Renal cell carcinoma (RCCa) represents approximately 3% of all human malignancies with an incidence of 7 per 100,000 individuals. Of these individuals about 40% present with metastatic disease and a further third will develop distant metastases during the postoperative course. The most effective therapy for RCCa localized to the kidney is surgery and a metastatic tumor is practically incurable. There is a low response to biological modifiers and the treatment is generally only palliative [5].

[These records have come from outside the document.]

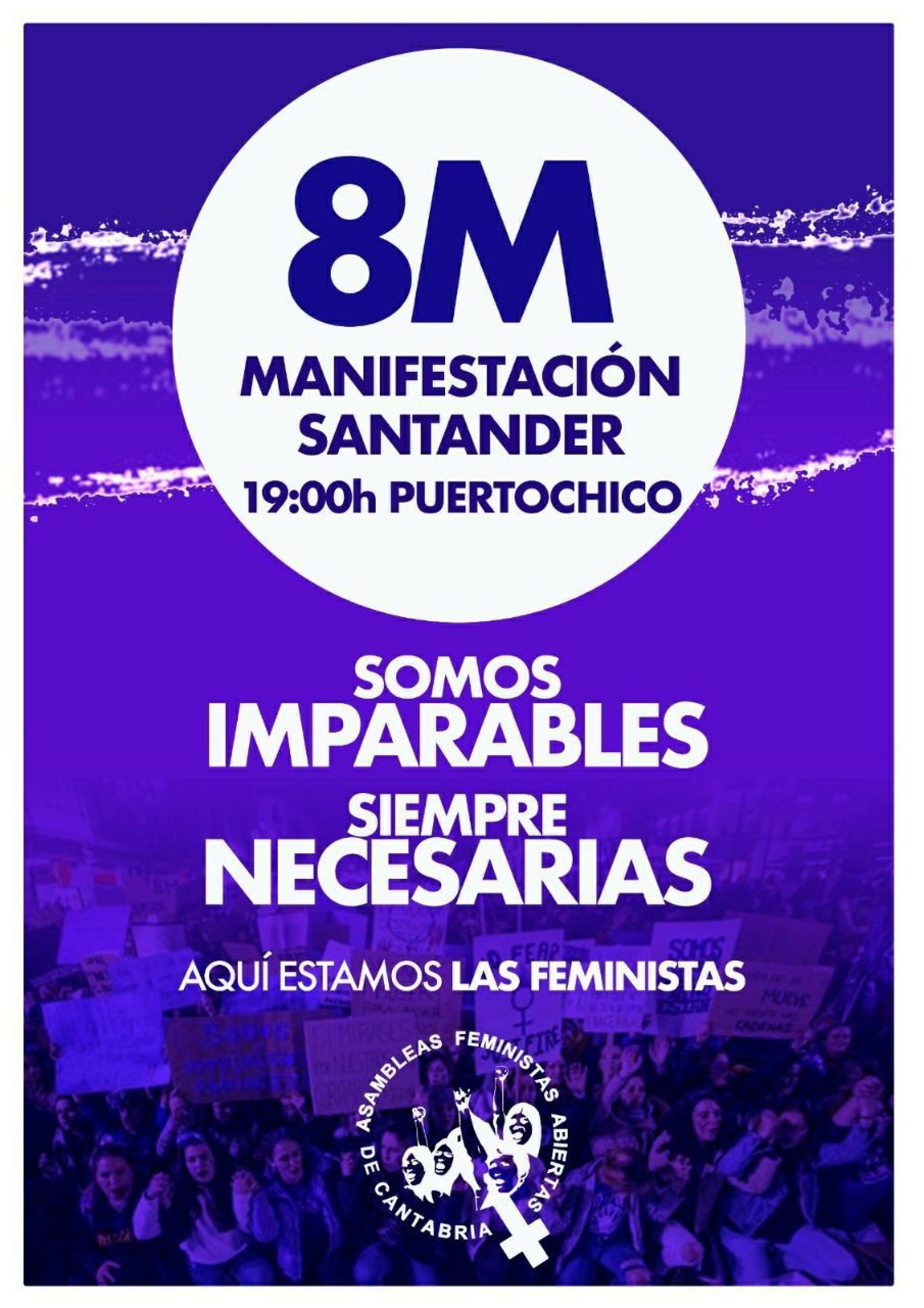 Las Asambleas Feministas Abiertas de Cantabria han llamado a la población a secundar la manifestación que, con motivo del 8 de marzo, partirá a las 19.00 horas desde Puertochico y llegará hasta el Ayuntamiento de Santander bajo el lema 'Somos imparables, siempre necesarias. Aquí estamos las feministas'.
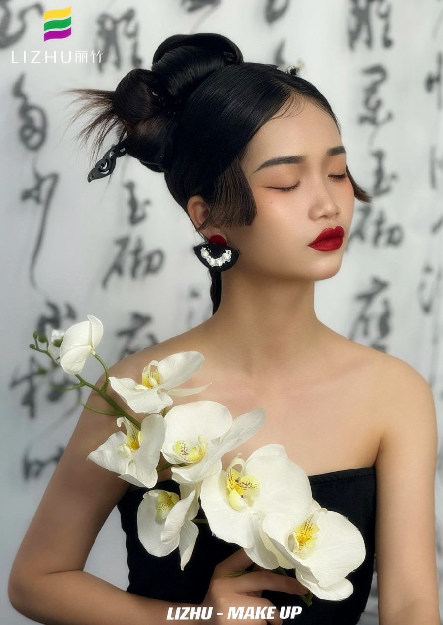 南寧新娘化妝師培訓(xùn)、南寧寫真化妝學(xué)習(xí)作品---新中式造型:一套改良版露肩中式套裝,搭配簡(jiǎn)約利落中式盤頭,將東方的優(yōu)雅和現(xiàn)代女性風(fēng)格融合,整個(gè)造型流露出一種文人筆墨下的詩(shī)意。如果你想近期在南寧學(xué)新娘化妝,那么千萬(wàn)不要錯(cuò)過(guò)南寧人物寫真化妝學(xué)校-麗竹學(xué)校年末感恩答謝會(huì)的學(xué)費(fèi)特惠福利啦!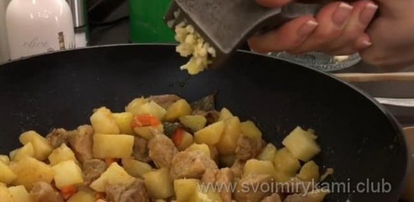1. Вы приготовьте для жены сюрприз : жаркое со свининой и картошкой в мультиварке. Список ингредиентов свинина (ошеек) – 800 грамм; картофель – 8-9 штук; лук –2 штуки; морковь – 1 штука; перец сладкий – 1 штука; чеснок – 3 зубка; подсолнечное масло – 3 столовые ложки; соль, специи. Морковь нарезаем соломкой, лук –полукольцами. На мультиварке включаем программу «Жарка» и добавляем подсолнечное масло. Выкладываем в емкость мультиварки овощи и готовим 5 минут. Мясо промываем, просушиваем и нарезаем кусочками 3 см. Добавляем мясо к овощам и обжариваем до 10 минут. Сладкий перец нарезаем соломкой, чеснок – мелкими кубиками. Добавляем к мясу. Картофель нарезаем кубиками 3 см. Отправляем к мясу. Добавляем специи, соль и накрываем крышкой. Включаем на мультиварке программу «Тушить» на 1 час.

We evaluated the RNA expression profiles of renal cell carcinomas (RCCa) using the Affymetrix GeneChip platform, comparing mRNA expression profiles from a total of 21 human tissue samples and two pooled samples. The 21 samples consisted of eight normal kidneys, nine clear cell carcinomas (CC), two chromophobe carcinomas (Chr), one urothelial carcinoma and one metanephric adenoma. Expression profiles from a pilot data set of ten samples were analyzed using multiple clustering algorithms. Genes were then selected from the pilot data set using a fold-change criteria or from all of the normal and CC samples using a p-value. Genes that were identified from both the pilot and the complete data set were categorized according to a hierarchical classification scheme based on functional attributes of encoded proteins.

Results

Clustering of the pilot data set

The gene expression data from a pilot data set that consisted of ten samples (patients 1 – 4, consisting of two CC, two Chr, four normals, two pooled samples) were analyzed using hierarchical clustering to identify structure within the data set. Pooled samples were included to determine whether a combined sample yielded an expression profile representative of the individual samples. To determine the relatedness of the samples, clustering analysis was performed. Ten different clustering algorithms using four methods of pre-processing the data sets were applied to identify the most consistent sample-clustering pattern. The rationale behind this approach was to avoid the bias inherent in any single clustering method and to determine the most appropriate clustering method for this data type. Genes that were considered "present" above background by the Affymetrix software in at least one of the samples were included in the analyses. This reduced the data set to 4571 genes per sample. The 40 sample clusters were evaluated to see if their dendrograms fitted the expected sample biology (Table 2). The most consistent cluster dendrogram, present in 18 of 40 analyses, did indeed match the sample biology (Figure 2A) and for 16 of these analyses a logarithmic transformation was used. In the consensus dendrogram, the two CC, two Chr and four normal samples each clustered in separate groups. Interestingly, the dendrogram suggested that the expression pattern of the normal samples was more similar to the CC than to the Chr samples. As expected, the pooled normal sample clustered with the normal kidney samples. The pooled tumor sample clustered more closely to the CC than to the Chr, possibly due to the greater similarity between the two CC, and consequent weighting of the pooled sample toward the more uniform CC expression profile.

Figure 1
figure 1

Histology of tissue samples. Frozen sections of normal kidney with glomerulus in center (A) and clear cell RCCa (B). Representative paraffin sections of clear cell (C, E, G) and chromophobe RCCa (D, F, H). Immunohistochemical stains for CD 31 (E and F) and CD 3 (G and H). Note that the clear cell tumor has an the extensive network of CD 31-positive vessels (E) and numerous scattered CD 3-positive lymphoctyes (G). In contrast, in the chromophobe there is a relative paucity of vessels (F) and few T cells (H). Original magnification:A, B 100× CH 200×. Staining: AD, hematoxylin and eosin; EH, diaminobenzidine immunoperoxidase with hematoxylin.

Figure 2
figure 2

Sample cluster of the pilot data set (A) and sample and gene cluster of the complete data set (B). The sample cluster dendrogram form the pilot data set (A) uses the average linkage clustering method and represents the most frequently occurring dendrogram out of the 40 derived for the data set. Horizontal distance indicates relatedness. The sample and gene cluster (B) from all 23 samples shows a colored representation of the gene expression data where columns are individual genes and rows are separate samples. The color in each cell of the table represents the median adjusted expression value of each gene.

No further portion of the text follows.